Advanced Java runtime configuration¶
Java requirements¶
DSS is a Java application, and requires a compatible Java environment to run. Supported versions are OpenJDK and Oracle JDK, versions 8, 10, or 11.
Unless instructed otherwise (see below) the DSS installer will automatically look for a suitable version of Java in standard locations. If none is found, it will install an appropriate OpenJDK package as part of its dependency installation phase.
Note
Starting with DSS 5.x, Java 7 is no longer supported.
Java 9 is not supported.
Spark 2 integration requires Java 8, Spark 3 integration requires Java 8 or 11.

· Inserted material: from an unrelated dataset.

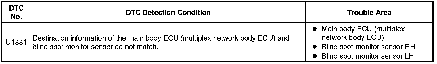 This DTC is stored when the destination information of the main body ECU (multiplex network body ECU) does not match that of the blind spot monitor sensors.
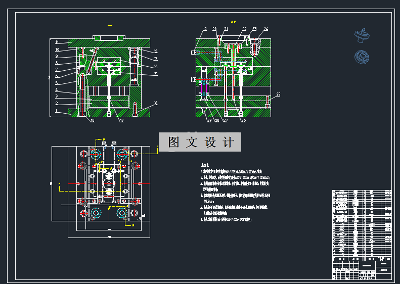 本文主要对成型鼠标滚轮的注射模具内主要结构进行设计计算的过程进行了阐述,通过分析鼠标滚轮工艺性及其精确度的要求,对注射成形工艺技术作出合理的分析,而塑件尺度的成形制造性包括了塑件的壁厚、表面粗糙度及其尺寸准确度。并通过对塑件尺度的加工工艺分析,来明确注射成形的工艺参数、注塑机以及明确了模具的分型面,浇注系统,型腔数量和布置方式等设计。选择模架优先于选择标准模架。在分析和计算塑料零件的尺寸后,注塑机的型号为东芝EC40-Y,并选择底面最大截面作为分型面。计算成型零件的型腔与型芯的尺寸,并设计。温度调节系统设计的是冷却系统。本设计使用侧浇口的方案,是由于要鼠标滚轮要采用一模两腔。本次模具采用分型面和推杆缝隙排气而没有单独开设排气系统,脱模机构采用了推管元件。综上所述来完成本次设计。

While the Java Runtime Environment (JRE) is technically sufficient for DSS to run, it is strongly recommended to install the full Java Development Kit (JDK) as this includes additional tools for diagnosing performance and other technical issues. Dataiku support may require you to install the full JDK to investigate some cases.
Choosing the JVM¶
You can force Data Science Studio to use a specific version of Java (for example, when there are several versions installed on the server, or when you manually installed Java in a non-standard place) by setting the DKUJAVABIN environment variable while running the DSS installer script. This variable should point to the java binary to use. For example:
$ DKUJAVABIN=/usr/local/bin/java dataiku-dss-VERSION/installer.sh <INSTALLER_OPTIONS>
Note that the installer script stores this value in the file DATA_DIR/bin/env-default.sh
, so this environment variable is only needed
at installation time. It must be provided for all subsequent DSS updates however, unless one wishes DSS to revert to the automatically-detected
version of Java.
Switching the JVM¶
You can switch an existing DSS instance to an different version of Java by rerunning the installer in update mode with a new value for DKUJAVABIN, as follows:
# Stop DSS
$ DSS_DATADIR/bin/dss stop
# Switch this DSS instance to a different Java runtime
$ DKUJAVABIN=/PATH/TO/NEW/java dataiku-dss-VERSION/installer.sh -d DSS_DATADIR -u
# Restart DSS
$ DSS_DATADIR/bin/dss start
Customizing Java runtime options¶
The DSS installer generates a default set of runtime options for the DSS Java processes, based on the Java version in use and the memory size of the hosting server. These options can be customized if needed.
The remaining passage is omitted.